Créer son activité indépendante soulève rapidement une question clé : quel statut juridique adopter ? Si vous souhaitez vous lancer seul, sans associé, deux options principales s’offrent à vous : le régime de l’auto-entrepreneur (aujourd’hui intégré à l’entreprise individuelle) et l’entreprise individuelle classique, également appelée EI. Ces deux statuts partagent un tronc commun… mais présentent aussi des différences significatives. Le choix ne doit donc rien au hasard : il doit correspondre à votre projet, à vos ambitions et à votre situation personnelle. Voici les clés pour choisir en toute connaissance de cause.
Auto-entrepreneur ou entreprise individuelle : deux formes proches, mais distinctes
Depuis la réforme de 2022, le régime de l’auto-entrepreneur est officiellement une forme simplifiée de l’entreprise individuelle.
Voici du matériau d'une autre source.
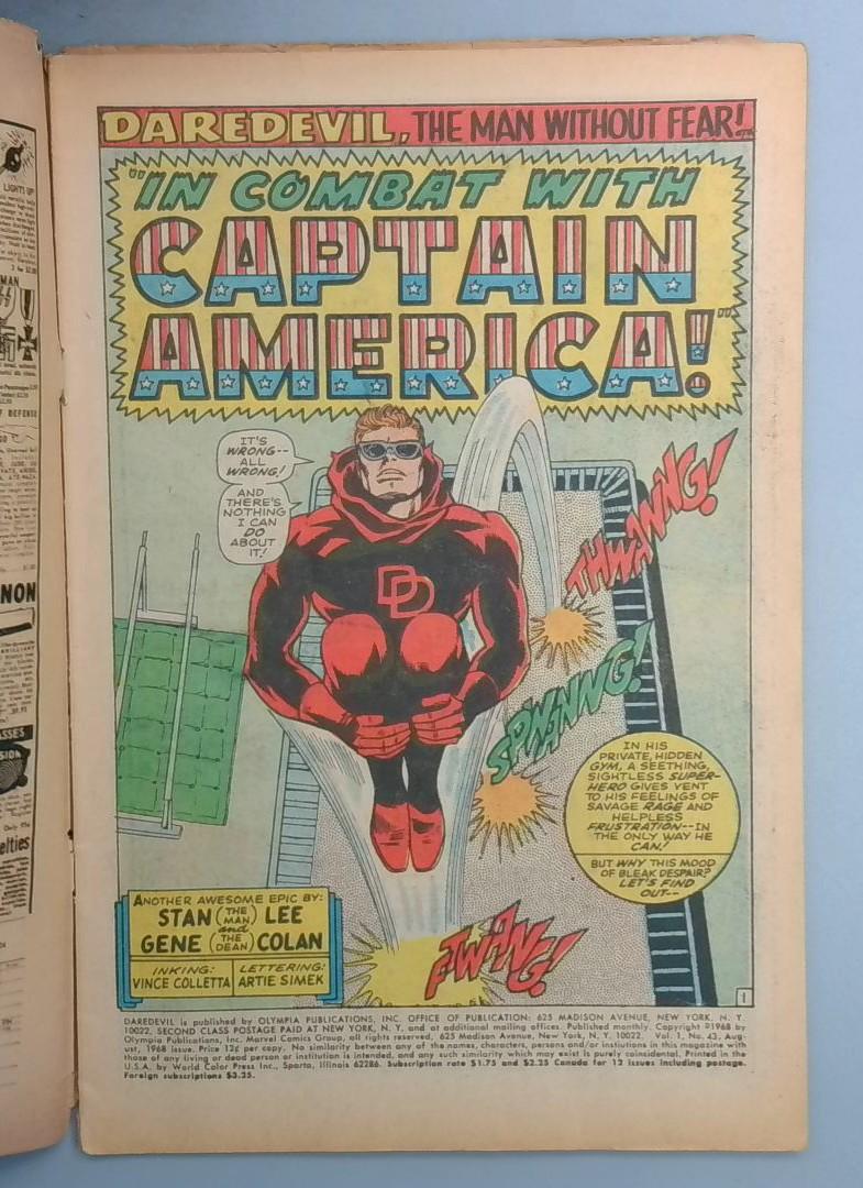 Daredevil #43 VG 1st Daredevil vs Captain America Fight Marvel 1968 LN1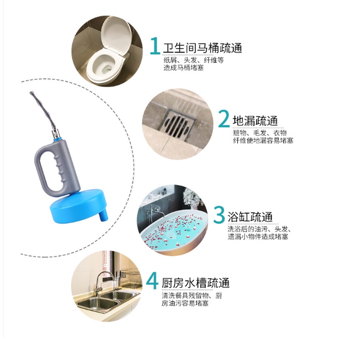(COD) Pipe Unblocker Pipe Drain Blockage Cleaner Hook Steel Spring Cable Drain Cleaner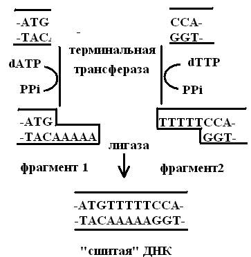 Рис. 15. Создание «липких» концов и сшивка фрагментов ДНК коннекторным методом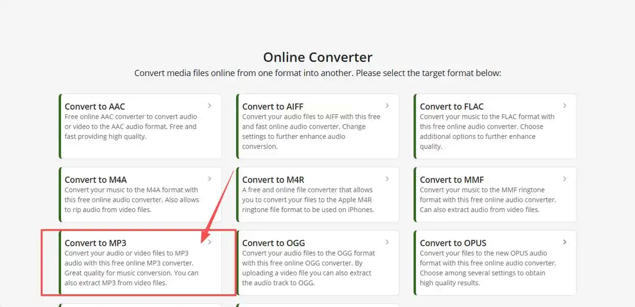 1. 进入音频转换页面:在官网找到「音频」分类,选择「MP3转换器」。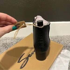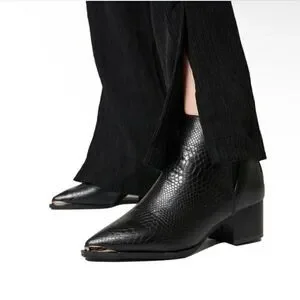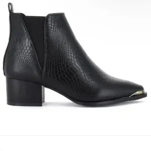 The Madison Python is a vegan leather pointed bootie with metal accents and a TPR outsole. Add some flare to your outfit with the subtle and classy python print.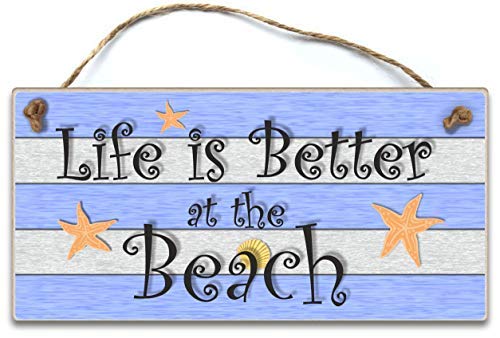 Placca in legno con decorazione marina con scritta “Life is Better at the beach”, accessorio da appendere in bagno (scritta in lingua inglese)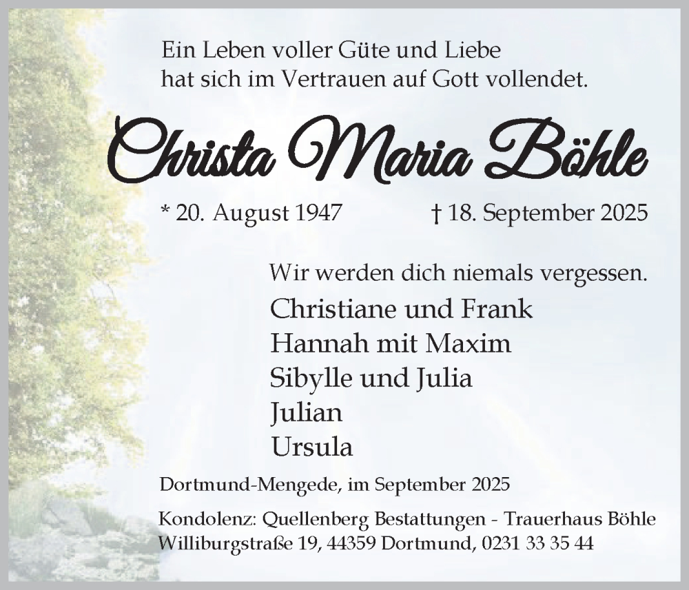 Hier finden Sie alle Traueranzeigen aus der Zeitung, die bisher für Christa Maria Böhle erschienen sind. Weitere Traueranzeigen, die in der Zeitung erscheinen, werden hier ebenfalls aufgelistet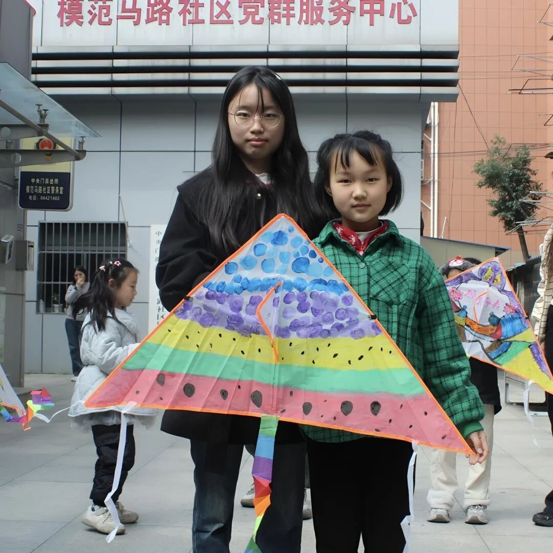 活动尾声,大家一起来到社区门前,孩子们纷纷举起亲手绘制完成的纸鸢,与志愿者们合影留念。色彩鲜艳、形态各异的纸鸢整齐排列,孩子们脸上满是喜悦与成就感,现场氛围轻松又温暖,定格下本次活动动人的温暖瞬间。

Cela signifie que, juridiquement, un auto-entrepreneur est bel et bien un entrepreneur individuel. Mais en pratique, des règles spécifiques s’appliquent aux auto-entrepreneurs, notamment en matière de fiscalité, de comptabilité et de plafonds de chiffre d’affaires.
L’entreprise individuelle « classique », quant à elle, s’adresse à ceux qui souhaitent bénéficier de plus de liberté dans la gestion de leur activité, au prix de règles un peu plus contraignantes.
Le régime de l’auto-entrepreneur : simplicité et accessibilité
Le régime auto-entrepreneur, c’est la voie royale pour tester une idée ou démarrer une activité secondaire, grâce à des démarches allégées et une gestion ultra simplifiée. Il offre de nombreux avantages pour les créateurs :
- Une création rapide, 100 % en ligne et gratuite
- Pas de comptabilité complexe : un simple registre de recettes (et d’achats pour les activités commerciales)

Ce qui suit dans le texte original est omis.